Abstract
Mild to moderate traumatic brain injury (mTBI) leads to secondary neuronal loss via excitotoxic mechanisms, including mitochondrial Ca2+ overload. However, in the surviving cellular population, mitochondrial Ca2+ influx, and oxidative metabolism are diminished leading to suboptimal neuronal circuit activity and poor prognosis. Hence we tested the impact of boosting neuronal electrical activity and oxidative metabolism by facilitating mitochondrial Ca2+ uptake in a rat model of mTBI. In developing rats (P25-P26) sustaining an mTBI, we demonstrate post-traumatic changes in cerebral blood flow (CBF) in the sensorimotor cortex in response to whisker stimulation compared to sham using functional Laser Doppler Imaging (fLDI) at adulthood (P67-P73). Compared to sham, whisker stimulation-evoked positive CBF responses decreased while negative CBF responses increased in the mTBI animals. The spatiotemporal CBF changes representing underlying neuronal activity suggested profound changes to neurovascular activity after mTBI. Behavioral assessment of the same cohort of animals prior to fLDI showed that mTBI resulted in persistent contralateral sensorimotor behavioral deficit along with ipsilateral neuronal loss compared to sham. Treating mTBI rats with Kaempferol, a dietary flavonol compound that enhanced mitochondrial Ca2+ uptake, eliminated the inter-hemispheric asymmetry in the whisker stimulation-induced positive CBF responses and the ipsilateral negative CBF responses otherwise observed in the untreated and vehicle-treated mTBI animals in adulthood. Kaempferol also improved somatosensory behavioral measures compared to untreated and vehicle treated mTBI animals without augmenting post-injury neuronal loss.
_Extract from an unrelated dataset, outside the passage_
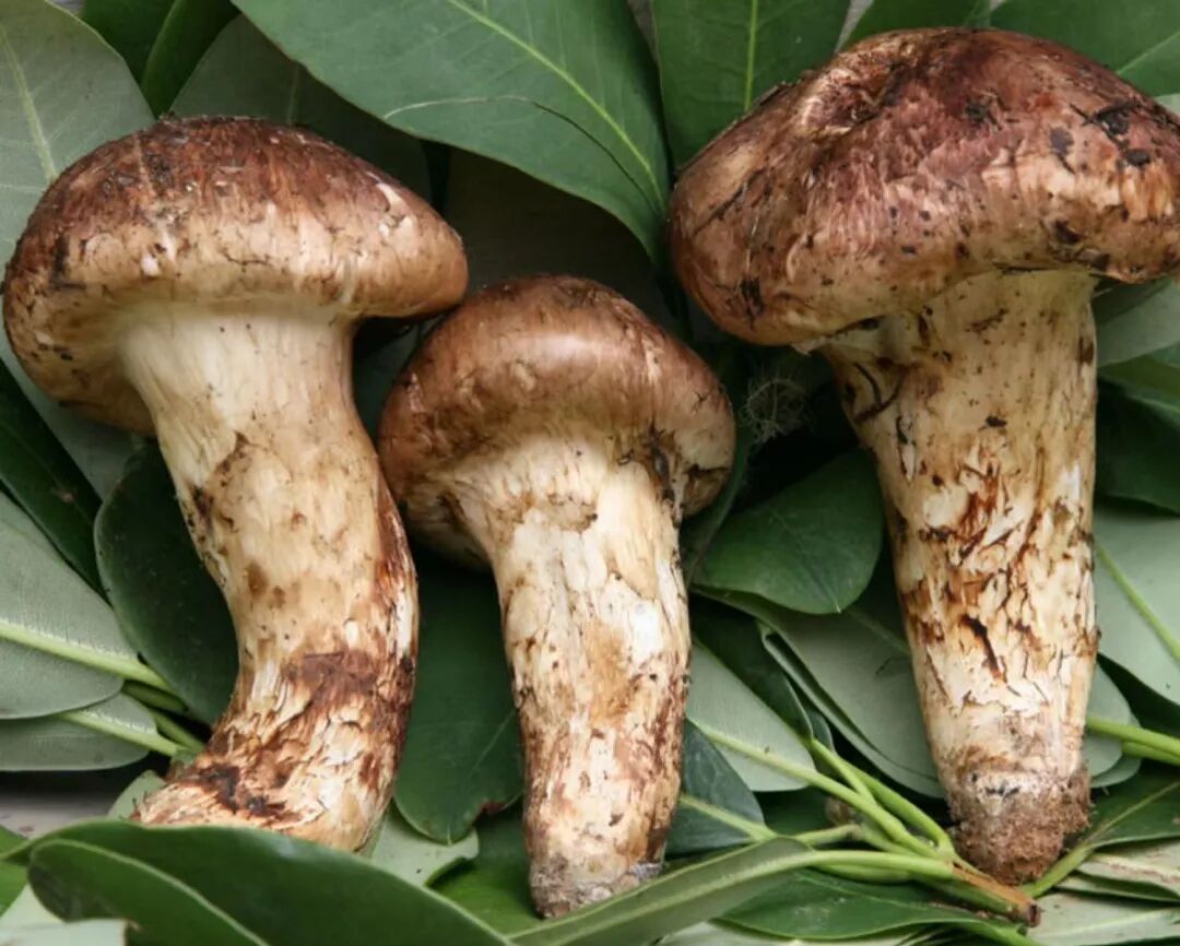 松茸又名松蕈、合菌、台菌,是松栎等树木外生的菌根真菌,浑身散发出特殊的香气,头上戴着褐色的“帽子”,身体略显浑圆。宋代唐慎微编著的《经史证类备急本草》记载,它因生于松林下,菌蕾如鹿茸,故名“松茸”。茸最大的特点就是与树共生,松茸成熟后会产生大量孢子,随风飞散入土,当发芽的孢子碰到赤松、栎树等树的细小幼根时,便吸收营养而存活。松茸的寿命极短,子实体从出土到成熟,一般只需要7天时间,子实体成熟48小时后,松茸会迅速衰老,把体内的营养反哺给松树的根系和土壤。

The results indicate that reduced mitochondrial Ca2+ uptake in the surviving populations affect post-traumatic neural activation leading to persistent behavioral deficits. Improvement in sensorimotor behavior and spatiotemporal neurovascular activity following kaempferol treatment suggests that facilitation of mitochondrial Ca2+ uptake in the early window after injury may sustain optimal neural activity and metabolism and contribute to improved function of the surviving cellular populations after mTBI.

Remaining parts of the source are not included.